Phyllachorales includes several families, such as Phyllachoraceae, Schizoparmaceae, and Melanconiellaceae, with over 100 genera and more than 1,000 species. Many of the species in this order are important plant pathogens that can cause significant crop losses. For example, species in the genus Phyllachora can cause leaf spots and anthracnose on a wide range of plants, including coffee, cocoa, and citrus.
Legionella longbeachae is a species of gram-negative, aerobic bacteria that can cause respiratory infections in humans. It is one of the several species within the genus Legionella, which includes the more well-known Legionella pneumophila, the primary cause of Legionnaires' disease.
Legionella longbeachae is commonly found in soil and compost, particularly in moist or wet environments. It can be transmitted to humans through inhalation of aerosolized water droplets or soil particles contaminated with the bacteria. This can occur during activities such as gardening, landscaping, or handling contaminated potting mixes or composts.

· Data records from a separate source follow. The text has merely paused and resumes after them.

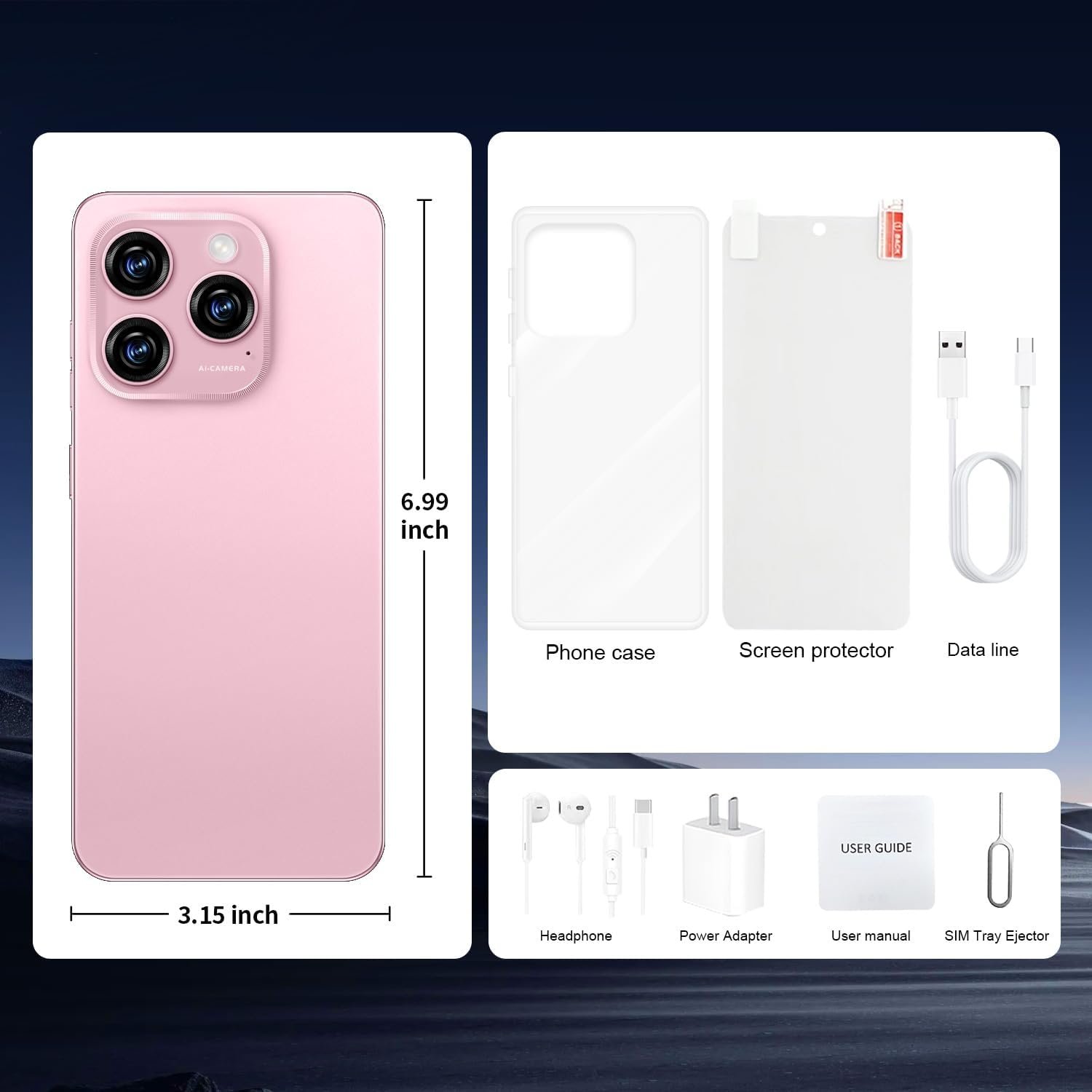 16PROMA X 5G Cell Phone,Smartphone Unlocked Cell Phone 12GB+512GB/6.99″ Display/68MP+108MP Camera/7000 mAh Battery Super Endurance, Dual SIM Card/Face Unlock/GPS (Pink)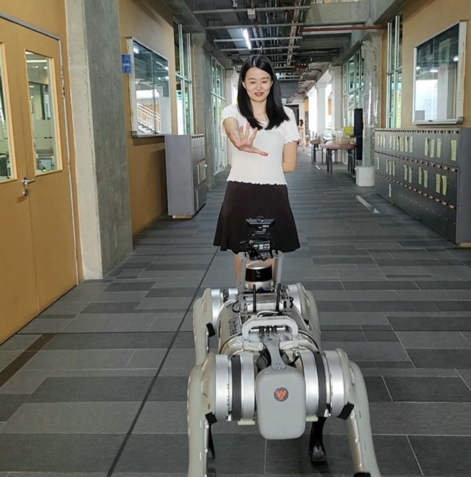 Exploring the future of robotics at Taylor's University! Testing a gesture control system on a four-legged robot, also known as the Legged robot or simply RobotDog. (Video credit: Julian KP Tan)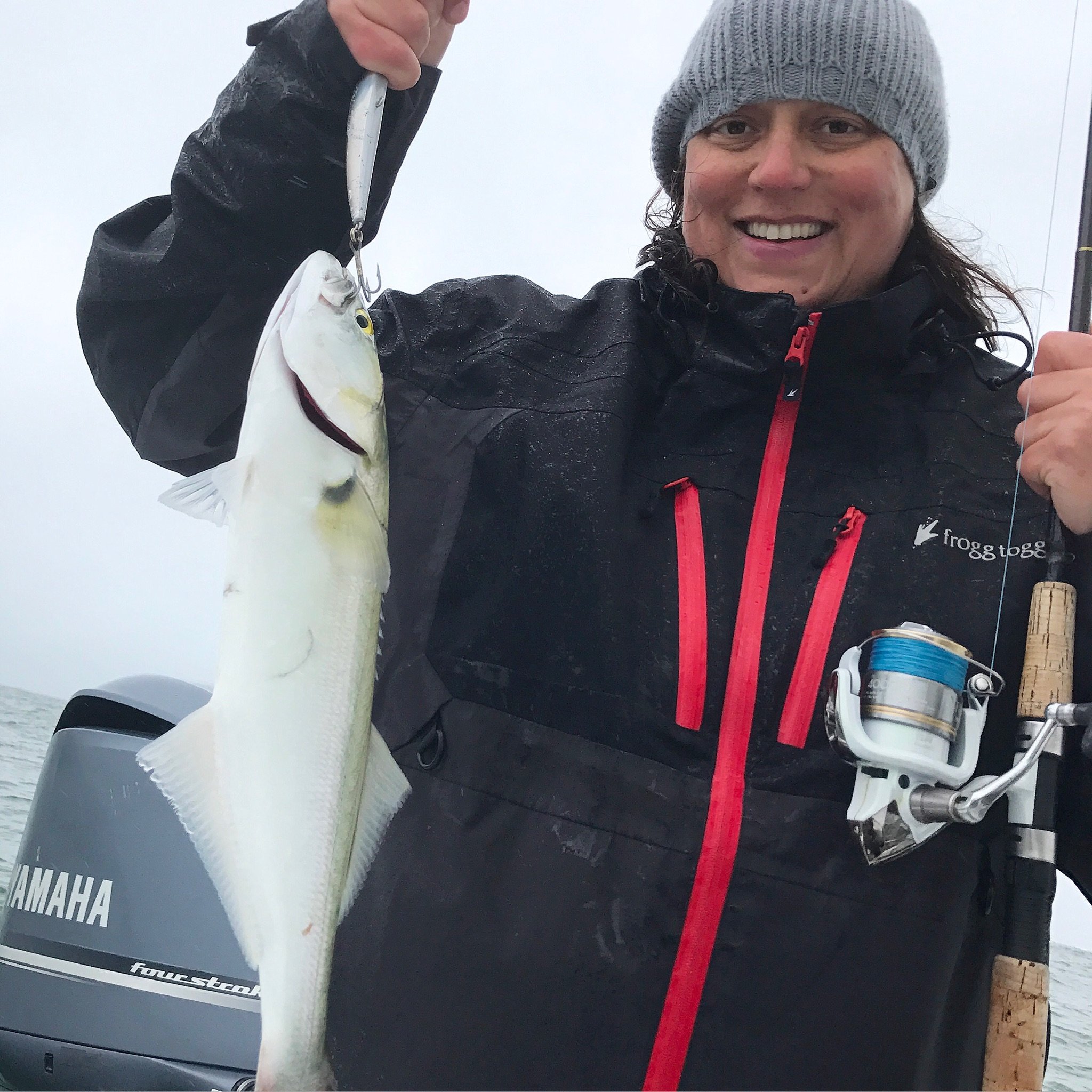 Captain Jeff Coats of Pitboss Fishing had the Bad Influence out for two trips today, both on the south jetty. Captain Jeff said the northeast wind made it “nautical”, but fun and productive. The first trip was a 50/50 mix of about 35 rockfish and bluefish that ate a little bit of everything.

The infection caused by Legionella longbeachae is known as Pontiac fever or legionellosis, which typically presents as a milder respiratory illness compared to Legionnaires' disease. Symptoms may include fever, cough, headache, muscle aches, and shortness of breath. In some cases, particularly among individuals with weakened immune systems, the infection can progress to pneumonia, leading to severe illness or even death.
Preventive measures for Legionella longbeachae infections involve using appropriate personal protective equipment (PPE) when handling contaminated soil or compost and ensuring adequate ventilation during such activities. Additionally, wet or moist environments where the bacteria may thrive should be properly maintained to minimize the risk of infection.
Rural health services refer to the healthcare delivery systems and facilities that are located in rural areas and are designed to meet the unique health needs of rural populations. These services can include hospitals, clinics, community health centers, mental health centers, and home health agencies, as well as various programs and initiatives aimed at improving access to care, addressing health disparities, and promoting health and wellness in rural communities.
Rural health services are often characterized by longer travel distances to healthcare facilities, a greater reliance on primary care and preventive services, and a higher prevalence of certain health conditions such as chronic diseases, injuries, and mental health disorders. As a result, rural health services must be tailored to address these challenges and provide high-quality, affordable, and accessible care to rural residents.
In many countries, rural health services are supported by government policies and programs aimed at improving healthcare infrastructure, workforce development, and telehealth technologies in rural areas. These efforts are critical for ensuring that all individuals, regardless of where they live, have access to the healthcare services they need to maintain their health and well-being.
I'm sorry for any confusion, but "South Africa" is not a medical term or concept. It is a country located at the southernmost tip of the African continent. If you have any questions related to medical topics, I would be happy to help answer them!
A rural population refers to people who live in areas that are outside of urban areas, typically defined as having fewer than 2,000 residents and lacking certain infrastructure and services such as running water, sewage systems, and paved roads. Rural populations often have less access to healthcare services, education, and economic opportunities compared to their urban counterparts. This population group can face unique health challenges, including higher rates of poverty, limited access to specialized medical care, and a greater exposure to environmental hazards such as agricultural chemicals and industrial pollutants.